Compared to the Police Story films (two of which preceded Mr. Nice Guy in America as Supercop and Jackie Chan’s First Strike), Nice Guy feels like a palate cleanser. Although Chan does eventually drive a massive piece of construction equipment through a building, most of the other stunts are smaller scale, in part because he isn’t playing a, well, supercop. He’s a mild-mannered TV chef (named Jackie, naturally) who has a chance meeting with Diana (Gabrielle Fitzpatrick), a journalist on the trail of a hot story. She’s pursued by gangsters who know she has a video of them murdering a street gang leader. As she and Jackie escape, the incriminating tape gets switched with one of Jackie’s TV recordings, putting the gangsters on his tail.

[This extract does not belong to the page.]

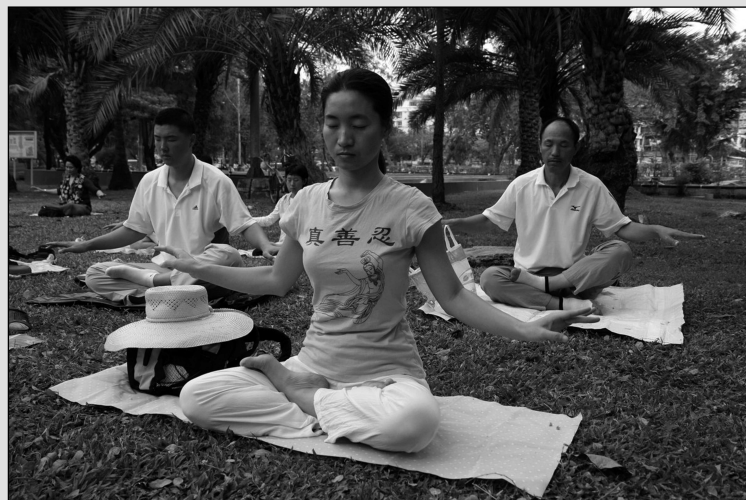
Připravil Zdeněk Vojtíšek.

How and why this tape includes cinematic cuts to various angles is never explained—and the story has plenty of more obvious convolutions, too. It doesn’t much matter, though, as the ins and outs establish a simple formula to generate set pieces: Jackie goes somewhere seemingly safe, a bunch of chintzily dressed gangsters show up and swarm him demanding the tape, and he’s forced to fight his way out. Director and fellow martial artist Sammo Hung (who also has a running-gag cameo as an unlucky cyclist) choreographs the action with such a light touch that even the occasional bombast feels whimsical, like how a mayhem-heavy chase scene revolves around a horse-drawn carriage. As ever, Chan turns his affability into a weapon; when he stumbles into Diana’s peril (which, in the New Line cut at least, happens hilariously fast, at the seven-minute mark), he’s absorbed into the action effortlessly, even though he never looks as if he particularly wants to hurt anyone. (In the first extended fight scene, he spends a comical amount of time trying not to fire a gun.)
The only disappointment is the grievous lack of a full-on kitchen fight sequence. In a less entertaining movie, casting Chan as a chef without ever contriving a reason for him to balance on an avalanche of rolling pins or using a baking sheet as a shield would be malpractice. Mr. Nice Guy zips by almost too quickly to notice.